[proofplan] We construct the total space by gluing the trivial bundles $U_i \times G$ along the prescribed transition functions. The cocycle identities make the gluing relation an [equivalence relation](/page/Equivalence%20Relation), and the quotient inherits local trivializations from the pieces $U_i \times G$. These trivializations define the smooth structure, the projection, the right $G$-action, and the local sections. Finally, any other principal bundle with the same transition functions receives a canonical map from the glued bundle, and the same compatibility identity proves that this map is independent of the chosen trivializing index. [/proofplan]

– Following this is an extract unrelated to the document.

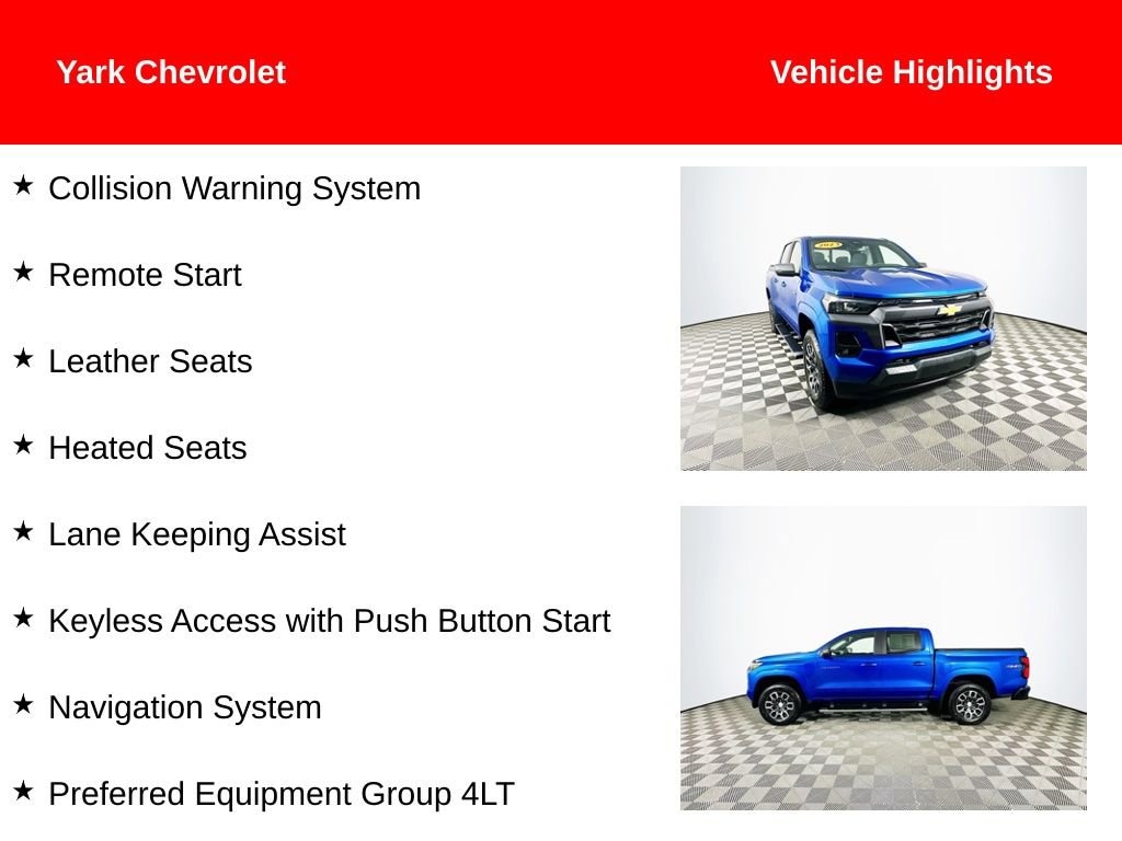 Certified. 2023 Glacier Blue Metallic Chevrolet Colorado LT 2.7L Turbo Collision Warning System, Remote Start, Leather Seats, Heated Seats, Lane Keeping Assist, Keyless Access with Push Button Start, 4WD, Apple CarPlay/Android Auto, Blind Zone Steering Assist, Chevy Safety Assist, Dual Rear USB Ports (Charge Only), Dual-Zone Automatic Air Conditioning, Electronic Automatic Cruise Control, Evotex Seat Trim, EZ-Lift & Lower Tailgate, Heated Front Seats, Heated Steering Wheel, Lane Keep Assist w/Lane Departure Warning, LED Daytime Running Lamps, LED Headlamps, LT Convenience Package, LT Convenience Package II, LT Convenience Package III, Navigation System, Preferred Equipment Group 4LT, Rear Cross Traffic Braking, Rear Park Assist, Remote keyless entry, Safety Package, StowFlex Tailgate Storage Compartment, Wheels: 18 x 8.5 Android Dark Full Gloss Aluminum, Wireless Charging.Priced below KBB Fair Purchase Price! Clean CARFAX. CARFAX One-Owner. Odometer is 4130 miles below market average!Certification Program Details: This vehicle is part of GMâs CarBravo® program meaning you get certified inspection and reconditioning, a standard GM-backed limited warranty, roadside assistance, and access to the nationwide GM service network. Choose with confidence. Ask us about full CarBravo benefits. ? Comprehensive Multi-Point Inspection & Reconditioning Every CarBravo vehicle meets GM standards for quality and reliability. ? GM-Backed Limited Warranty Includes a 12-month/12,000-mile bumper-to-bumper limited warranty (or 30-day/1,000-mile for BravoBudget vehicles). ? Roadside Assistance & Courtesy Transportation Coverage during the warranty period for added confidence. ? Vehicle Exchange Program If itâs not the right fit, exchange it within 10 days or 500 miles. ? Transparent Vehicle History Every CarBravo vehicle includes a free vehicle history report and clear, upfront pricing. ? Nationwide GM Service Network Access professional service and warranty support at thousands of GM dealerships. ? Complimentary Trials Eligible vehicles include a 1-month OnStar® trial and 3-month SiriusXM® subscription. Buy with confidence this CarBravo® vehicle from Yark Automotive Group includes a GM-backed limited warranty, multi-point inspection, roadside assistance, and vehicle exchange program. ? Certified quality. ? Transparent pricing. ? Nationwide GM service support. CarBravo by Yark Certified. Backed by GM. Driven by You.Shop Smarter with Yark Automotive! Yark makes car buying easy with Live Market Pricing updated hourly from over 20,000 sites to ensure you get a real-time, fair market price on every pre-owned vehicle. No games, no inflated prices just transparent, competitive value from a dealership trusted for 40+ years. With 12 brands and 8 convenient locations across NW Ohio & SE Michigan, Yark offers the largest new and used inventory in the region making it easy to find exactly what youâre looking for! Buy with confidence from the regionâs #1 volume new & used automotive group for 28+ years!

[step:Glue the local trivial bundles by the transition functions] Let \begin{align*} E := \bigsqcup_{i \in I} (U_i \times G) \end{align*} be the disjoint union of smooth manifolds, and write $(x,h)_i$ for the point in the $i$-th summand with $x \in U_i$ and $h \in G$. Define a relation $\sim$ on $E$ by declaring \begin{align*} (x,h)_j \sim (x, g_{ij}(x)h)_i \end{align*} whenever $x \in U_i \cap U_j$ and $h \in G$, and then equivalently by the explicit condition \begin{align*} (x,h)_i \sim (y,k)_j \quad \Longleftrightarrow \quad x = y \in U_i \cap U_j \text{ and } k = g_{ji}(x)h. \end{align*} We verify that $\sim$ is an equivalence relation. Reflexivity follows from $g_{ii}(x)=e$, because \begin{align*} h = g_{ii}(x)h. \end{align*} Symmetry follows from $g_{ij}(x)^{-1}=g_{ji}(x)$. Indeed, if $k=g_{ji}(x)h$, then \begin{align*} h = g_{ij}(x)k. \end{align*} For transitivity, suppose \begin{align*} (x,h)_i \sim (x,k)_j \end{align*} and \begin{align*} (x,k)_j \sim (x,\ell)_m. \end{align*} Then $x \in U_i \cap U_j \cap U_m$, \begin{align*} k = g_{ji}(x)h \end{align*} and \begin{align*} \ell = g_{mj}(x)k. \end{align*} Substituting the first identity into the second and using the cocycle identity with indices $m,j,i$ gives \begin{align*} \ell = g_{mj}(x)g_{ji}(x)h = g_{mi}(x)h. \end{align*} Hence $(x,h)_i \sim (x,\ell)_m$. Let \begin{align*} P := E/{\sim} \end{align*} be the quotient set, and denote the equivalence class of $(x,h)_i$ by $[(x,h)_i]$. [/step]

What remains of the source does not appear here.